Prior to undergoing a heart transplant on August 31, 2015, Sharon Sanford couldn’t even walk around her block; let alone hike the Wild Pacific Trail.

Now, dozens of scars and a wondrous year later, the Ucluelet local says the trail is her favourite place to be. Her new heart is strong, and when she walks the trail with her friends or her husband, it keeps a steady pace.

“I feel like a kid. I feel like I’m getting to experience all these new things,” she said.

“Sometimes people look at me and wonder, What are you so excited about? Everybody just takes so many things for granted.”

Leading up to the transplant, Sanford spent a lifetime battling a heart condition called dilated cardiomyopathy. The disease caused her heart to enlarged to such a point where it couldn’t pump blood anymore.

In 1996, she had her first heart attack, which required her to have a cardioverter defibrillator implanted into her chest. She was only 23 at the time.

Then, last summer, her condition plummeted, bumping her to the top of the transplant list.  As luck would have it, a heart became available almost immediately.

She travelled with her husband Martin to St. Paul’s Hospital in Vancouver for the surgery.

Martin recalls the doctors telling them that the heart transplant would be a new way of life.

“I knew what she couldn’t do that everyone else could do for years now,” he said.

“I’ve seen it. I knew it was going to be big...I didn’t know it [the surgery] was going to go so smoothly. I didn’t really picture it a success a year ago.”

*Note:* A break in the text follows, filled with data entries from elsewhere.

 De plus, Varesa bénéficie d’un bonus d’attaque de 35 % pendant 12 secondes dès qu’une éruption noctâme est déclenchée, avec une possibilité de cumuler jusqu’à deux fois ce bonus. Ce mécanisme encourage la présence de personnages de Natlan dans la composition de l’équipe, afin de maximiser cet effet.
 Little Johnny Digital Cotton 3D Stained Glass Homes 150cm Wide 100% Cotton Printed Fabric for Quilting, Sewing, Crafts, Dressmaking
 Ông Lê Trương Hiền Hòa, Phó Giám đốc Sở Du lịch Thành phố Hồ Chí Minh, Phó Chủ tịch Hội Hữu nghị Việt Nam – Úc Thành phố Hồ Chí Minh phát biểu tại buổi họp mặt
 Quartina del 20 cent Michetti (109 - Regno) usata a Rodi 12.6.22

By October, only a short month after the procedure, Sanford received approval from doctors for her healthy heart class.

The rest, as they say, is history.

“Now I can get up and go, go, go,” Sanford said.

Her transplant has given her the freedom to do all sorts of physical activities she was never able to do before.

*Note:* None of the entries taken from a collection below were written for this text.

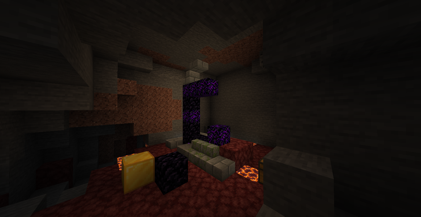 Ruined nether portals generate in caves, as shown in the picture.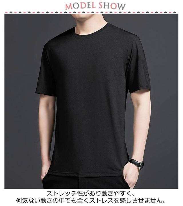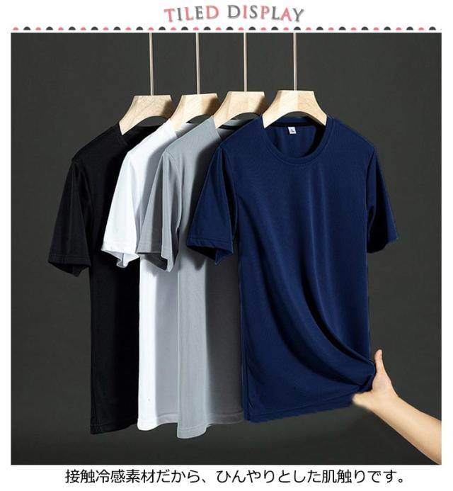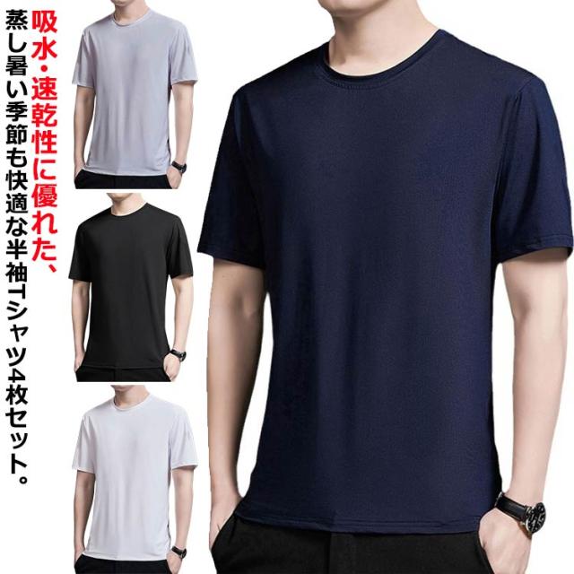 メンズ 夏 tシャツ 抗菌 ストレッチ 半袖 半袖Tシャツ 接触冷感 4枚セット/灰+白+黒+紺 速乾 スポーツウェア 伸縮性 涼しい トップス 防臭 冷たい 半袖tシャツ クルーネック ドライ 吸汗速乾 接触冷感 運動着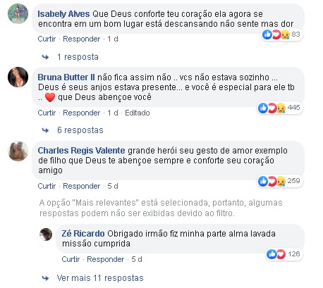 A vida difícil, o esforço de ambos e a notícia da morte da mulher, com a publicação, não demoraram para repercutir na internet. Apesar de ter enfrentado velório e enterro sem o apoio de amigos e familiares, Zé recebeu, na plataforma digital, mensagens de conforto, principalmente, de desconhecidos. Veja algumas delas na imagem abaixo:
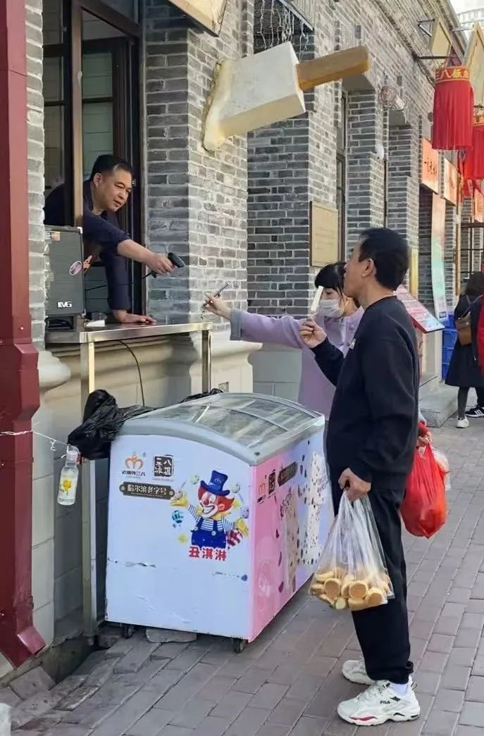 “芝麻冰棍、麻将冰棍,2元一根!”在道外北头道街三八饭店外卖窗口,工作人员边吆喝着边用扫码枪为购买者结账,不断有市民游客停下脚步买根冰棍边走边吃。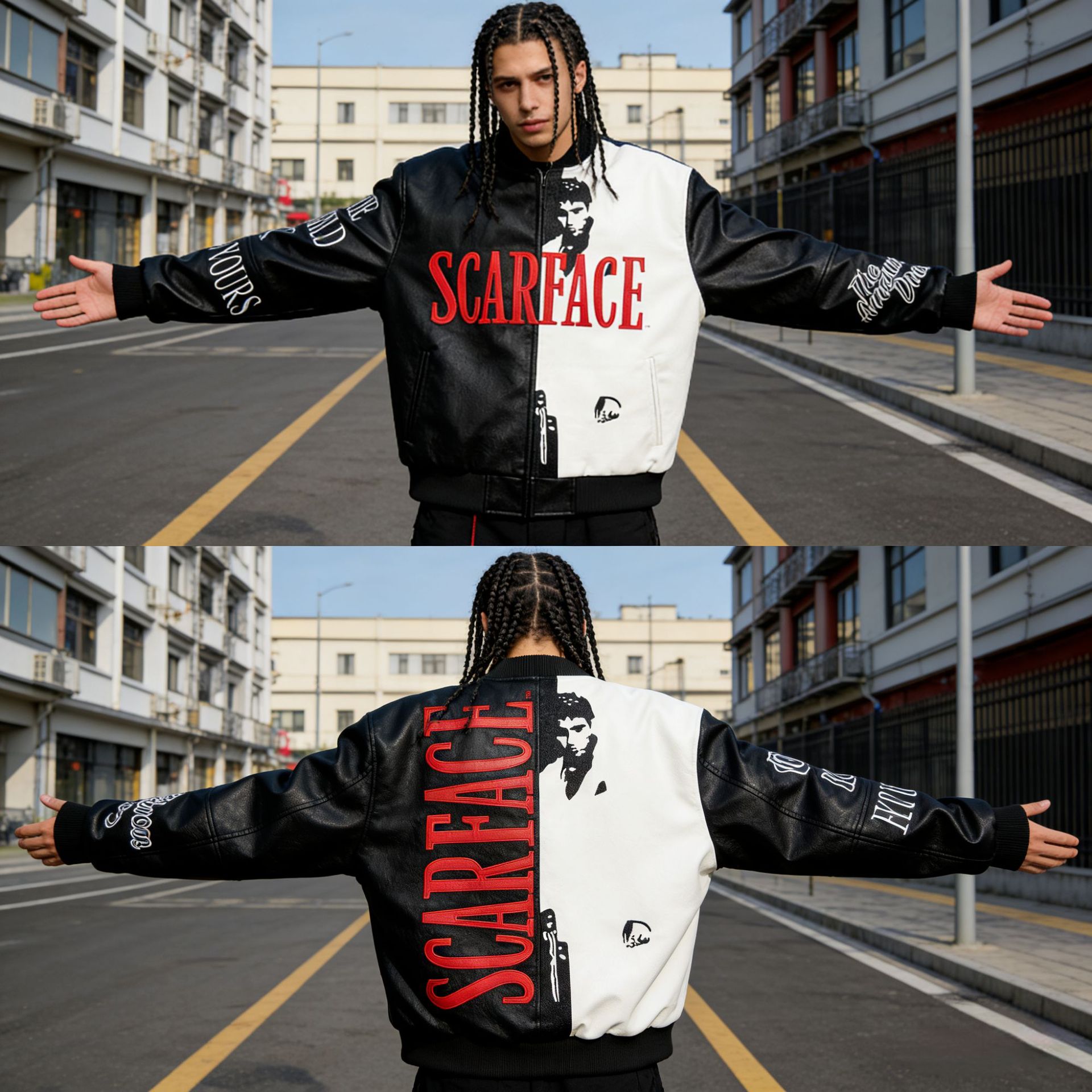 2025 European and American foreign trade baseball uniforms, Toronto Raptors embroidered PU leather sleeves, spliced with padded men's and women's jackets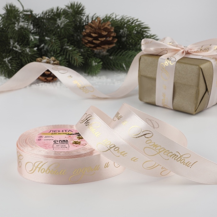 Новый год! Лента атласная с тиснением «С Новым годом и Рождеством», 25 мм, 23 ± 1 м, цвет персиковый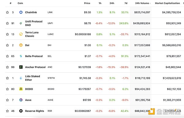 过去24小时去中心化交易所的交易量 数据来源:coingecko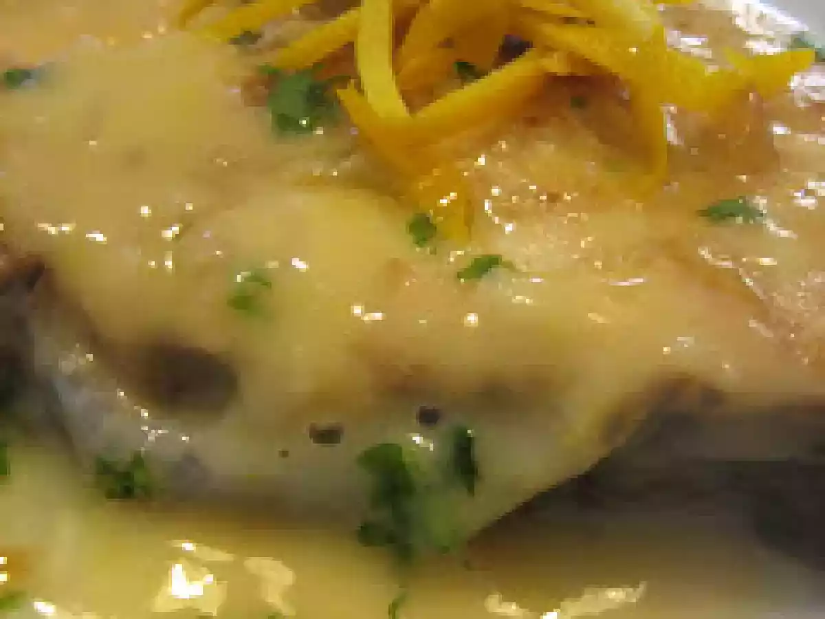 Latitanza.....scaloppina all'arancia.....di dentice PrecedenteProssimo Portata principalefacile45 min Invia questa ricetta ad un amico Stampa la ricetta Contatta l'autore della Ricetta Pubblica la foto di questa ricetta Ingredienti 4 2 tranci di dentice poco burro 1 bicchiere di vino bianco secco sale q.b. pepe q.b. farina per impanare i tranci prezzemolo e maggiorana tritati per la salsa buccia e succo di una arancia 1 cucchiaino di maizena 50 g di acqua +qualche cucchiaio sale q.b.

She’s hiking, mushroom picking, practicing yoga, training with Kara McAvoy from BBK and she’s slowing crossing off items from an Adventure List she dreamt up post transplant.

“I went whale watching with Subtidal Adventures. It was fantastic. I’d never been able to go before. Even the whole zodiac ride would have been impossible because I wouldn’t have been strong enough to cope with the whole trip,” she said.

Louis Rouleau from West Coast Wild Adventures arranged to take her on the zipline course.

“We had talked to each other at Ukee Days,” Rouleau told the Westerly News.

“That’s the first time I had seen her after her transplant. She had told me ziplining was on her bucket list of things to do so I said, ‘Yeah let’s do it.’”

Her new heart can withstand exhilarating activities like ziplining, but it takes longer than normal for it to calm down afterwards.

“Her heart could start racing 15-minutes or even 20-minutes after the excitement. The nerves that used to be attached to her old heart, when they put the new heart in they don’t necessarily grow back,” Martin explained. “Those are the nerves that control when your heart races because of fear or adrenaline.”

Sanford wants to hike Mt. Ozzard, walk to the blowhole and hike to the bomber plane. She’s ultimately working towards building up enough strength to conquer the Alexander Murray Trail in her hometown of King’s Point, Newfoundland next summer. The trail is a moderate 9-km with 2,200 stairs, going up and down. Visitors come from all over the world to hike it, but you can bet the boat that Sanford will be the only one taking it on with a new heart.